TASK INSTRUCTIONS
Every record below is to be restated verbatim, though its images are not.

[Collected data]
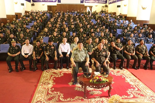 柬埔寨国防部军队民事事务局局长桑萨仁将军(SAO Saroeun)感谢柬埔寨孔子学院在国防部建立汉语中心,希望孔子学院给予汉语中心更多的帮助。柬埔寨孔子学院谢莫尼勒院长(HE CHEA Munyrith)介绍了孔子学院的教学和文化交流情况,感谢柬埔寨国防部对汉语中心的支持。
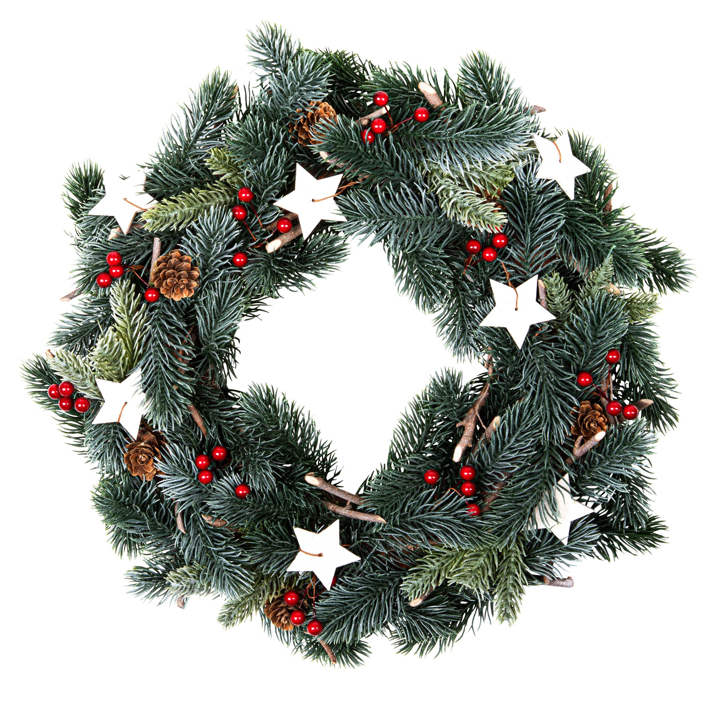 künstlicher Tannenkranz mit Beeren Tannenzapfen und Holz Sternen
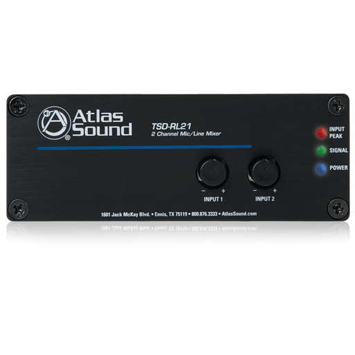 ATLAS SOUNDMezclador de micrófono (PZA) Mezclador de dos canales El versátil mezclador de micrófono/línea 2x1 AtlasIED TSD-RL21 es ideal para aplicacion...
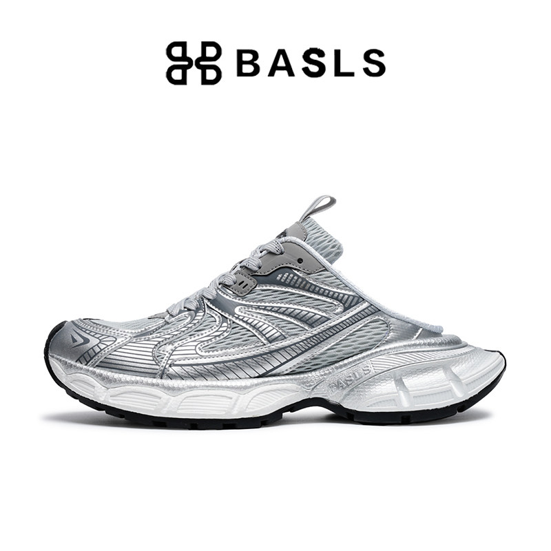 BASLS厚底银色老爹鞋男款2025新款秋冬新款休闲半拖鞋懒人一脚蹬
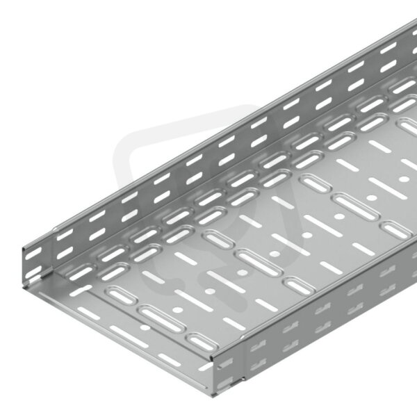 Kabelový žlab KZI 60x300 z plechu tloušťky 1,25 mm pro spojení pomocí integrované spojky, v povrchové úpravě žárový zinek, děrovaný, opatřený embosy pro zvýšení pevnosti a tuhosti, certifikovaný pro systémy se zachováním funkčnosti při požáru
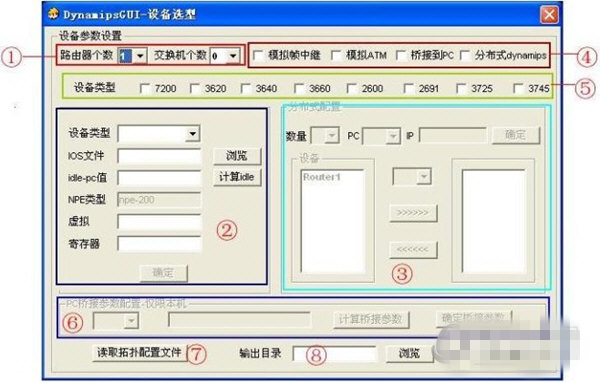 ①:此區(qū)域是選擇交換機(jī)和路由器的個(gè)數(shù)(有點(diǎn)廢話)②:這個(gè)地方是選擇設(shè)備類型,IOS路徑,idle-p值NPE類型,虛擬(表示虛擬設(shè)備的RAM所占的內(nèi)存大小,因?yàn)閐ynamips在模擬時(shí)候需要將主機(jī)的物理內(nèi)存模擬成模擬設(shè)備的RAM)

ANSWER TO THIS PROBLEM
 柬埔寨国防部军队民事事务局局长桑萨仁将军(SAO Saroeun)感谢柬埔寨孔子学院在国防部建立汉语中心,希望孔子学院给予汉语中心更多的帮助。柬埔寨孔子学院谢莫尼勒院长(HE CHEA Munyrith)介绍了孔子学院的教学和文化交流情况,感谢柬埔寨国防部对汉语中心的支持。
 künstlicher Tannenkranz mit Beeren Tannenzapfen und Holz Sternen
 ATLAS SOUNDMezclador de micrófono (PZA) Mezclador de dos canales El versátil mezclador de micrófono/línea 2x1 AtlasIED TSD-RL21 es ideal para aplicacion...
 BASLS厚底银色老爹鞋男款2025新款秋冬新款休闲半拖鞋懒人一脚蹬
 Kabelový žlab KZI 60x300 z plechu tloušťky 1,25 mm pro spojení pomocí integrované spojky, v povrchové úpravě žárový zinek, děrovaný, opatřený embosy pro zvýšení pevnosti a tuhosti, certifikovaný pro systémy se zachováním funkčnosti při požáru
 ①:此區(qū)域是選擇交換機(jī)和路由器的個(gè)數(shù)(有點(diǎn)廢話)②:這個(gè)地方是選擇設(shè)備類型,IOS路徑,idle-p值NPE類型,虛擬(表示虛擬設(shè)備的RAM所占的內(nèi)存大小,因?yàn)閐ynamips在模擬時(shí)候需要將主機(jī)的物理內(nèi)存模擬成模擬設(shè)備的RAM)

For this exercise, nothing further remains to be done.